TASK TO COMPLETE: Return the data below unchanged, without images.

-- RECORDED INFORMATION follows --

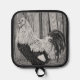 Roo était un coq de faverolle saumon et l'un des animaux les plus doux que j'ai eu. Il aimait être choyé et tenu, serrant tranquillement tout le temps. Il posait aussi souvent, ce qui en faisait un bon modèle. Le design pour ces porte-casseroles est un dessin de stylo que j'ai fait avec des stylos noirs et blancs sur du papier gris.
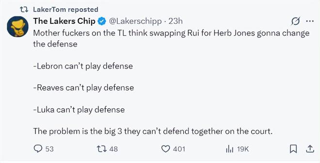 當(dāng)詹姆斯、里夫斯、東契奇三個核心都不能防守時,難道就交易得到一個3D側(cè)翼就能完全改變球隊體系嗎?明顯是癡人說夢。
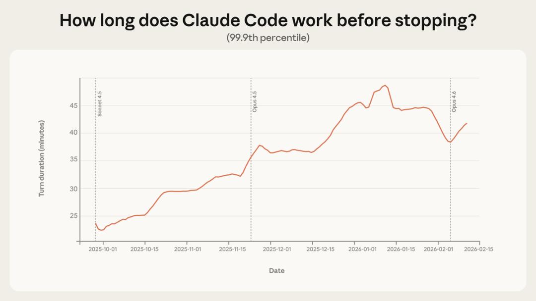 2025年8月到12月,Claude Code在最困难任务上的成功率翻倍,每次会话中人工介入的次数从5.4次降到了3.3次。
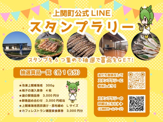 山口県上関町では、町の情報発信や観光PR、ふるさと納税診断などのメニューを実装した町公式LINEを、2024年11月1日にリリースしました。この度、町内各施設でスタンプを6つ集めると上関町の特産品等が当たるスタンプラリーを、2025年2月1日(土)から3月9日(日)まで開催します。本スタンプラリーは、観光PRの一環として実施するもので、町外在住の方を対象としています。
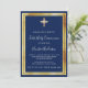 En modern elegant och inbjudan. En marin blå bakgrund som dekoreras med kor, faux guld ramar. Anpassa och lägg till namn och detaljer. Vit text.
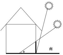 D.若在该房屋的南面造一同样高(高为h)的房屋,从采光角度看,两座房屋的楼间距至少为h/tan a
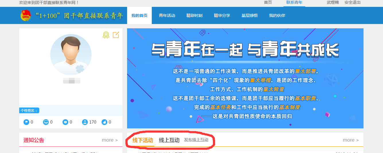 四、完成至少100名青年的信息导入之后,各位可以进行线下活动、线上互动、精彩时刻、精华分享、基层感悟等的分享。
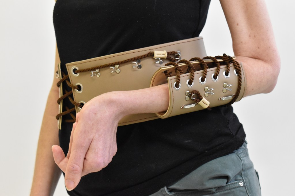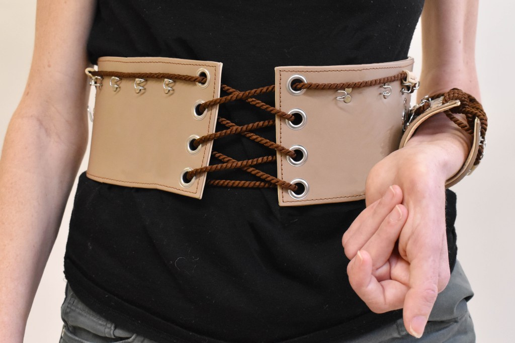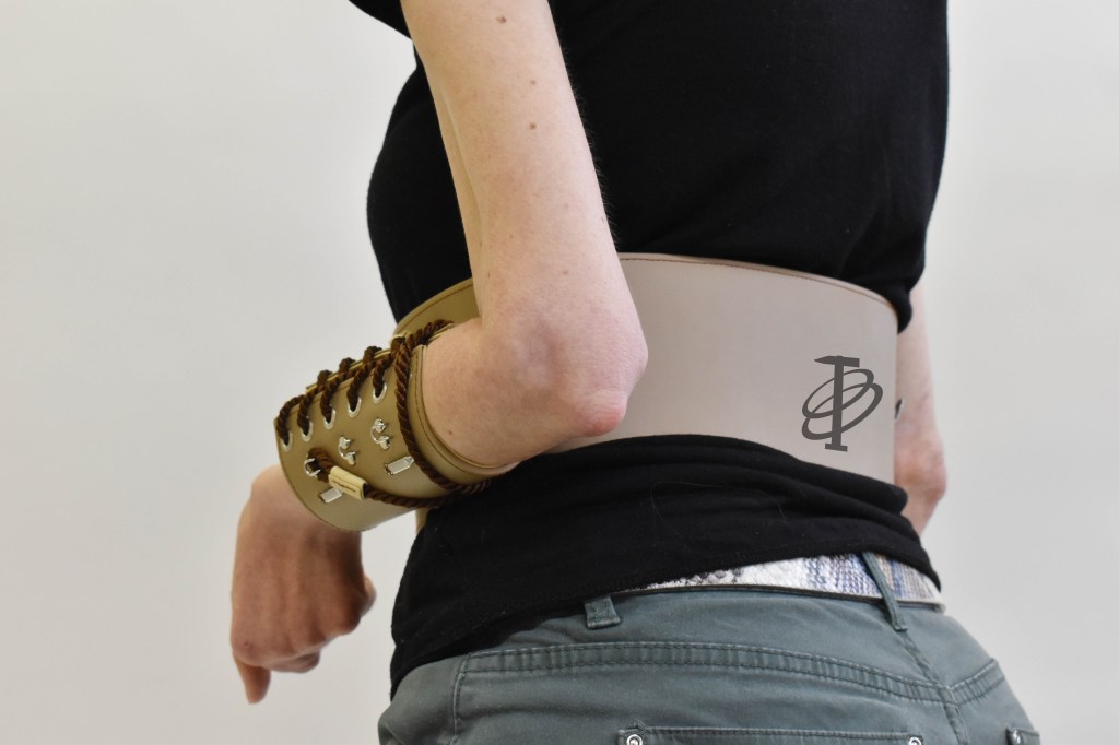 The Belt and Brace are meant to attach together in order to hold up the passive arm (unable to move) of the model (Madam Maud Leibundgut) around her waist area, in order for her to be able to use both her hands when needed for any task, which would be more convenient for her.

-- RECORDED INFORMATION concluded --

THE ANSWER:
 Roo était un coq de faverolle saumon et l'un des animaux les plus doux que j'ai eu. Il aimait être choyé et tenu, serrant tranquillement tout le temps. Il posait aussi souvent, ce qui en faisait un bon modèle. Le design pour ces porte-casseroles est un dessin de stylo que j'ai fait avec des stylos noirs et blancs sur du papier gris.
 當(dāng)詹姆斯、里夫斯、東契奇三個核心都不能防守時,難道就交易得到一個3D側(cè)翼就能完全改變球隊體系嗎?明顯是癡人說夢。
 2025年8月到12月,Claude Code在最困难任务上的成功率翻倍,每次会话中人工介入的次数从5.4次降到了3.3次。
 山口県上関町では、町の情報発信や観光PR、ふるさと納税診断などのメニューを実装した町公式LINEを、2024年11月1日にリリースしました。この度、町内各施設でスタンプを6つ集めると上関町の特産品等が当たるスタンプラリーを、2025年2月1日(土)から3月9日(日)まで開催します。本スタンプラリーは、観光PRの一環として実施するもので、町外在住の方を対象としています。
 En modern elegant och inbjudan. En marin blå bakgrund som dekoreras med kor, faux guld ramar. Anpassa och lägg till namn och detaljer. Vit text.
 D.若在该房屋的南面造一同样高(高为h)的房屋,从采光角度看,两座房屋的楼间距至少为h/tan a
 四、完成至少100名青年的信息导入之后,各位可以进行线下活动、线上互动、精彩时刻、精华分享、基层感悟等的分享。
 The Belt and Brace are meant to attach together in order to hold up the passive arm (unable to move) of the model (Madam Maud Leibundgut) around her waist area, in order for her to be able to use both her hands when needed for any task, which would be more convenient for her.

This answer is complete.